Assignment: Using the entries below, copy exactly each line from the line with "肥満度を表すBMI(Body Mass Index:ボディマス指数)を算出するアプリです。" up to and including the line with "While CIEid with", with every picture left out.

Entries shown:
*** Block opens ***
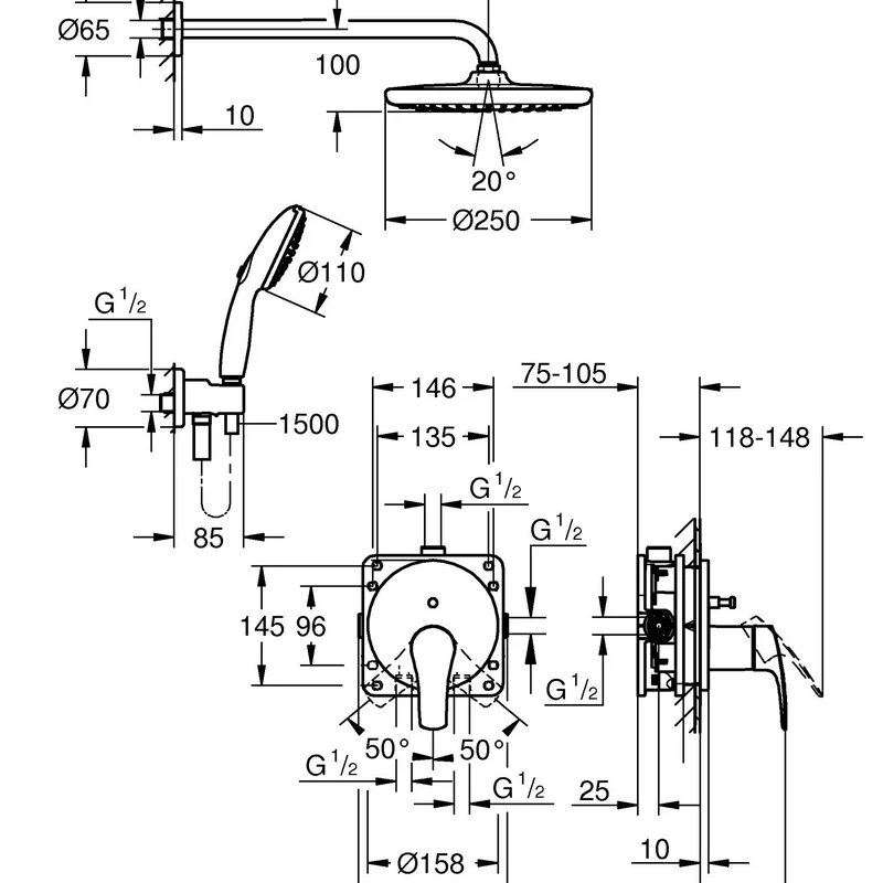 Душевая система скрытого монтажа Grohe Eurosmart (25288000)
*** Block closes ***
*** Block opens ***
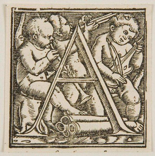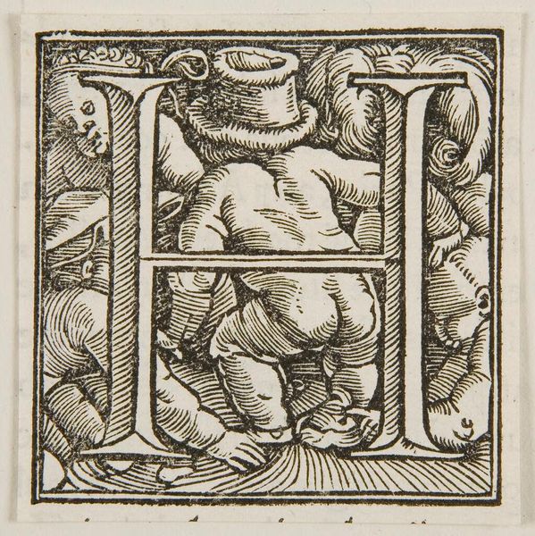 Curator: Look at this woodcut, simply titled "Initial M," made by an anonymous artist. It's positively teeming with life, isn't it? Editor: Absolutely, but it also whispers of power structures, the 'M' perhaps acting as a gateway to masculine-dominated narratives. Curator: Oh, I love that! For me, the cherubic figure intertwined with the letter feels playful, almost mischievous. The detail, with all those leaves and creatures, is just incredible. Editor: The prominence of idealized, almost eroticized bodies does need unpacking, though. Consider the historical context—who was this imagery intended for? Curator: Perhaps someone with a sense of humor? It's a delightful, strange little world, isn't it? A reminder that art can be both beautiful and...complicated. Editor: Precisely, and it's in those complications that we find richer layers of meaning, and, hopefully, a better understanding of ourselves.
*** Block closes ***
*** Block opens ***
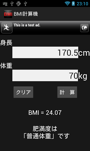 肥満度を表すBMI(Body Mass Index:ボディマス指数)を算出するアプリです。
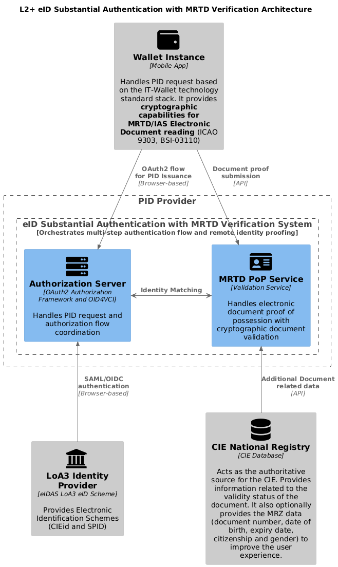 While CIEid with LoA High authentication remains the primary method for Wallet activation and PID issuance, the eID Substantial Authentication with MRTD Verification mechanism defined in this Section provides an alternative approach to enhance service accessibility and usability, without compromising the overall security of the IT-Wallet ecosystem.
*** Block closes ***
Result of this exercise:
 肥満度を表すBMI(Body Mass Index:ボディマス指数)を算出するアプリです。
 While CIEid with LoA High authentication remains the primary method for Wallet activation and PID issuance, the eID Substantial Authentication with MRTD Verification mechanism defined in this Section provides an alternative approach to enhance service accessibility and usability, without compromising the overall security of the IT-Wallet ecosystem.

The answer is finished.